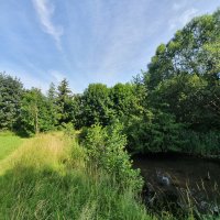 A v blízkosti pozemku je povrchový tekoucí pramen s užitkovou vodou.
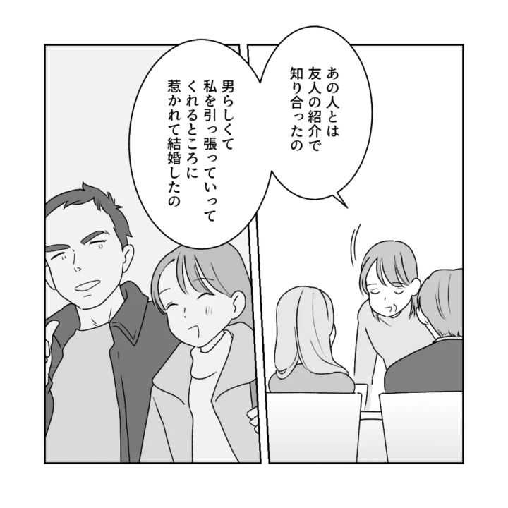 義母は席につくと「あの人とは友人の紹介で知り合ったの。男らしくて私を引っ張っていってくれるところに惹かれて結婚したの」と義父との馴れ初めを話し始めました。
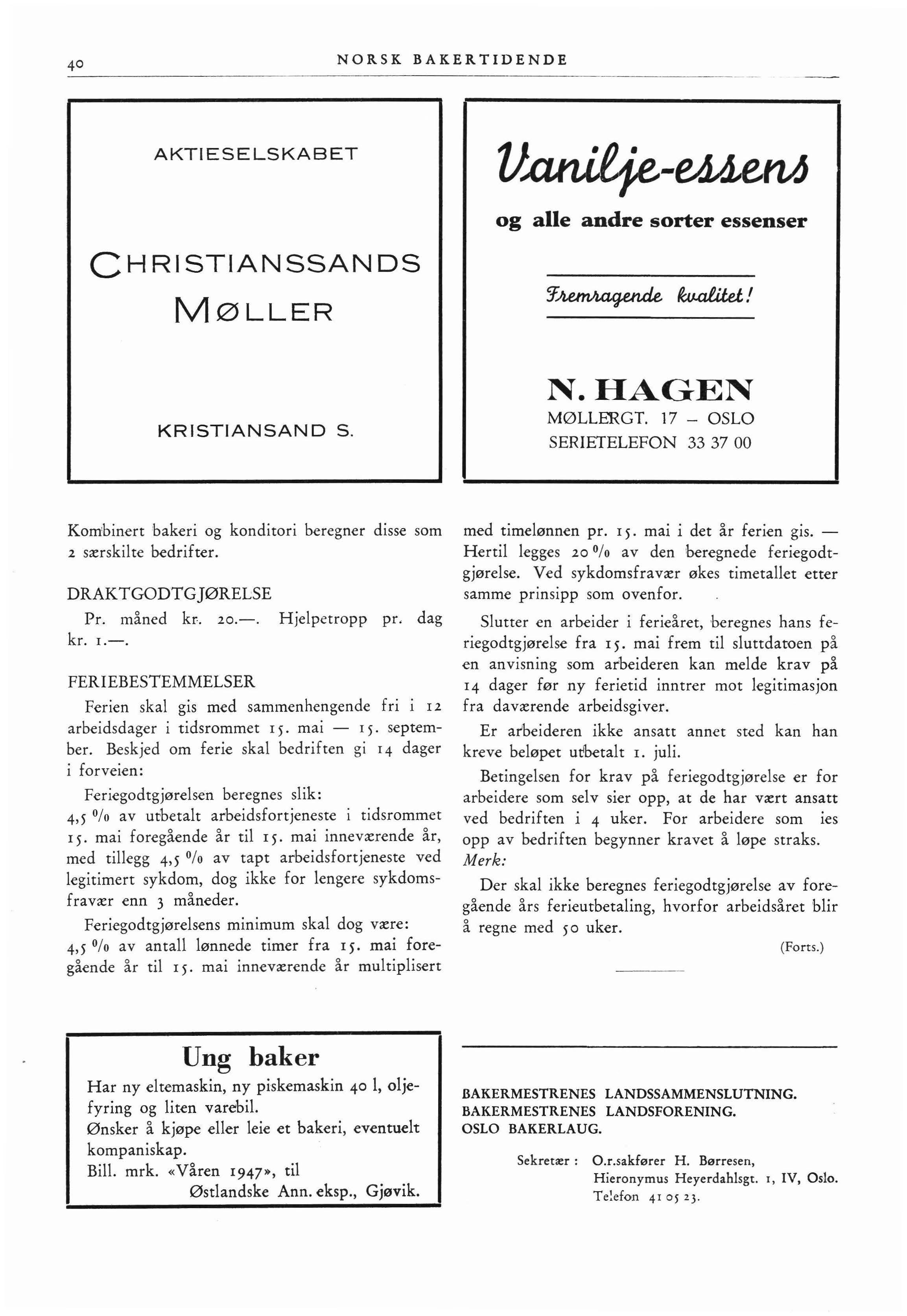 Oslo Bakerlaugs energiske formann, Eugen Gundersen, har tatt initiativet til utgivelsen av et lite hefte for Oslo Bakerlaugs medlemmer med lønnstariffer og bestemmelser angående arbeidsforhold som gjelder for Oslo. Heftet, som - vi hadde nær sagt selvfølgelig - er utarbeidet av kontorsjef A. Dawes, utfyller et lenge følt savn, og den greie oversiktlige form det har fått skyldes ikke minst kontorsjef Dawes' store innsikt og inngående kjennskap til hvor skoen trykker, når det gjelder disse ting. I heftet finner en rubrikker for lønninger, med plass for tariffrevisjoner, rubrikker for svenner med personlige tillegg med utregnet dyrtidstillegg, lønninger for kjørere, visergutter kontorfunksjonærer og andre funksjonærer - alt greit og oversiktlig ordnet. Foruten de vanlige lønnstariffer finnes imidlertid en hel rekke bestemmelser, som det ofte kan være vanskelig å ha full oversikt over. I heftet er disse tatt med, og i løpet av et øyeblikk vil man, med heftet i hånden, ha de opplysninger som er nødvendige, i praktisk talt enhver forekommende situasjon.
○ ○ ○ ○ ○ ○ ○
**What you need to do**.
Leaving the pictures aside, transcribe the entire listing exactly.

**Your solution**.
 A v blízkosti pozemku je povrchový tekoucí pramen s užitkovou vodou.
 義母は席につくと「あの人とは友人の紹介で知り合ったの。男らしくて私を引っ張っていってくれるところに惹かれて結婚したの」と義父との馴れ初めを話し始めました。
 Oslo Bakerlaugs energiske formann, Eugen Gundersen, har tatt initiativet til utgivelsen av et lite hefte for Oslo Bakerlaugs medlemmer med lønnstariffer og bestemmelser angående arbeidsforhold som gjelder for Oslo. Heftet, som - vi hadde nær sagt selvfølgelig - er utarbeidet av kontorsjef A. Dawes, utfyller et lenge følt savn, og den greie oversiktlige form det har fått skyldes ikke minst kontorsjef Dawes' store innsikt og inngående kjennskap til hvor skoen trykker, når det gjelder disse ting. I heftet finner en rubrikker for lønninger, med plass for tariffrevisjoner, rubrikker for svenner med personlige tillegg med utregnet dyrtidstillegg, lønninger for kjørere, visergutter kontorfunksjonærer og andre funksjonærer - alt greit og oversiktlig ordnet. Foruten de vanlige lønnstariffer finnes imidlertid en hel rekke bestemmelser, som det ofte kan være vanskelig å ha full oversikt over. I heftet er disse tatt med, og i løpet av et øyeblikk vil man, med heftet i hånden, ha de opplysninger som er nødvendige, i praktisk talt enhver forekommende situasjon.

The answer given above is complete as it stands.